Prompt: Using the records below, write out only the lines from the line containing "Oefenhoofd speciaal geschikt" up to and including the line containing "TERASNKRI.COM | JAKARTA", exactly, with no pictures.

Extracted records:

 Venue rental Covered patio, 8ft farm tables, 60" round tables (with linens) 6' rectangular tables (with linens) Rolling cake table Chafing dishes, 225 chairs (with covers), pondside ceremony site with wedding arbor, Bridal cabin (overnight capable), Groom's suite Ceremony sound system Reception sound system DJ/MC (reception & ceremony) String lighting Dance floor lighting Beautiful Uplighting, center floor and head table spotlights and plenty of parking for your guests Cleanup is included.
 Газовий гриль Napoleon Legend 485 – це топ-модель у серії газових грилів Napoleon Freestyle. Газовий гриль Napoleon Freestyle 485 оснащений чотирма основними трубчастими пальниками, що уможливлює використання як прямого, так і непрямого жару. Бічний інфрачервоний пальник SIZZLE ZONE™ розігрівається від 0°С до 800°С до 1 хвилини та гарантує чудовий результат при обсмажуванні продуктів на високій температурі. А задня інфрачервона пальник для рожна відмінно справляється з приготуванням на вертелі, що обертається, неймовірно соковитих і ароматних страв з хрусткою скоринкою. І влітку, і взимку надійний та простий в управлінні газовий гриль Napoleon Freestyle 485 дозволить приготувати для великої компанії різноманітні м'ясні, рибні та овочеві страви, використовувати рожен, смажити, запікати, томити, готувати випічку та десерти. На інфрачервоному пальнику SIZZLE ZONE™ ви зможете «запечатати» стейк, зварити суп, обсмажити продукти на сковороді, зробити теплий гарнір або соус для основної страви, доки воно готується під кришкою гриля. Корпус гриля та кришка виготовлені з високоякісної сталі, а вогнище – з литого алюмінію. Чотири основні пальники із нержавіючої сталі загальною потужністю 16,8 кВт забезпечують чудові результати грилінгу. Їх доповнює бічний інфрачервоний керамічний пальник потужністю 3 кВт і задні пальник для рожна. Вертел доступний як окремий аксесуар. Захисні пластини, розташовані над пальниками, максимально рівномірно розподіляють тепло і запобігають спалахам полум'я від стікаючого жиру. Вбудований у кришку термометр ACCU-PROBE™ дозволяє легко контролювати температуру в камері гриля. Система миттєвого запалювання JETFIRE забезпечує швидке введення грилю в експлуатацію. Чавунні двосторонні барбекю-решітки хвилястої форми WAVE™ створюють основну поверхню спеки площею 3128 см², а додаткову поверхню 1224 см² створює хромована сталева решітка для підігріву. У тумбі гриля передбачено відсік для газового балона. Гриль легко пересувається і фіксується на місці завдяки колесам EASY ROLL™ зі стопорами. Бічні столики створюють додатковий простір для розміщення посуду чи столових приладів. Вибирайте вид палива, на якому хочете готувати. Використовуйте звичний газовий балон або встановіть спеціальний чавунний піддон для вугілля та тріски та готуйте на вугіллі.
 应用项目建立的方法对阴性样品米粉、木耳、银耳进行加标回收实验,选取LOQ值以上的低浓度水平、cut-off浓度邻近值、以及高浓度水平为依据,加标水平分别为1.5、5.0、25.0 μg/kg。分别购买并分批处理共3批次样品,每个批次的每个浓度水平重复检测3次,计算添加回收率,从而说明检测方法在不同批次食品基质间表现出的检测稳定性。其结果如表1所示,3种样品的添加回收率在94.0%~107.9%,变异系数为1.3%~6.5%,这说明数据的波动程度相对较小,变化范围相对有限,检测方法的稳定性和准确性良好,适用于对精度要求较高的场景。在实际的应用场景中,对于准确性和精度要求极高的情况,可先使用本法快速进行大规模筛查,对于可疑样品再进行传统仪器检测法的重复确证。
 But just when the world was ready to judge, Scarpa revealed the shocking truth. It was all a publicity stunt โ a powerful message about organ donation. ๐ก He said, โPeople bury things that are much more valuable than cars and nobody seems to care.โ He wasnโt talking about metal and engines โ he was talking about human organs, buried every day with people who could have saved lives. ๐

* * *

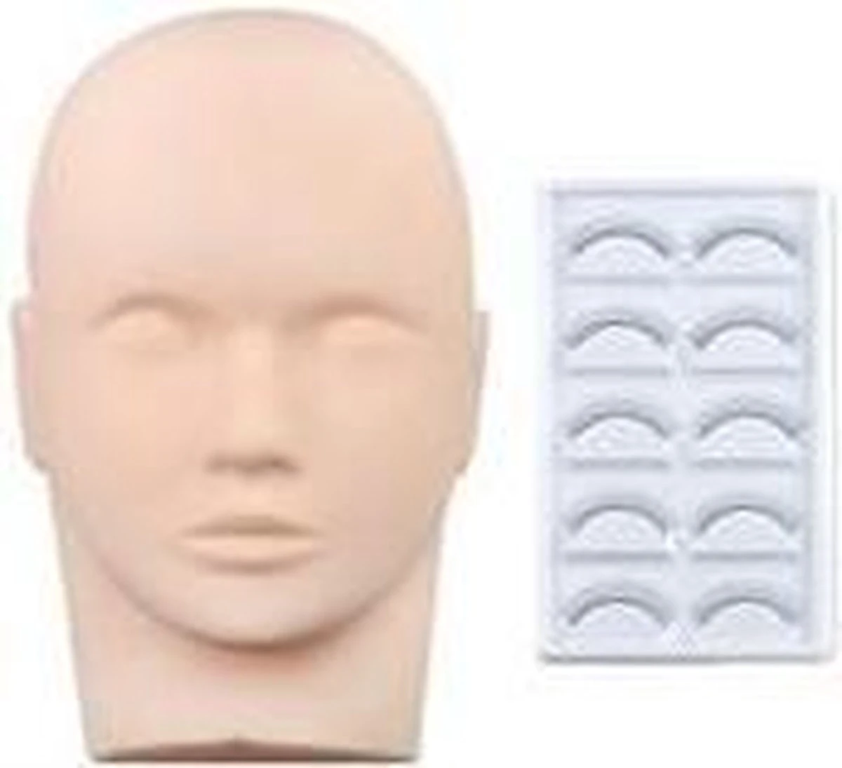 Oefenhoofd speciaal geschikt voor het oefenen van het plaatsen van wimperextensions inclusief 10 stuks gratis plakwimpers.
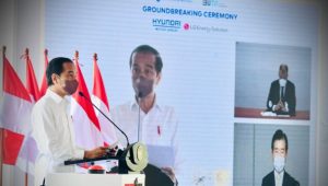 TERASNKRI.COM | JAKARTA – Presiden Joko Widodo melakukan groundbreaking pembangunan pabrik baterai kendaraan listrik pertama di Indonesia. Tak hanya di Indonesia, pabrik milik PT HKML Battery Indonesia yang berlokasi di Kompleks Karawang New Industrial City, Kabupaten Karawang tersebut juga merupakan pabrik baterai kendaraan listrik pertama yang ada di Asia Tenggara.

Written solution:
 Oefenhoofd speciaal geschikt voor het oefenen van het plaatsen van wimperextensions inclusief 10 stuks gratis plakwimpers.
 TERASNKRI.COM | JAKARTA – Presiden Joko Widodo melakukan groundbreaking pembangunan pabrik baterai kendaraan listrik pertama di Indonesia. Tak hanya di Indonesia, pabrik milik PT HKML Battery Indonesia yang berlokasi di Kompleks Karawang New Industrial City, Kabupaten Karawang tersebut juga merupakan pabrik baterai kendaraan listrik pertama yang ada di Asia Tenggara.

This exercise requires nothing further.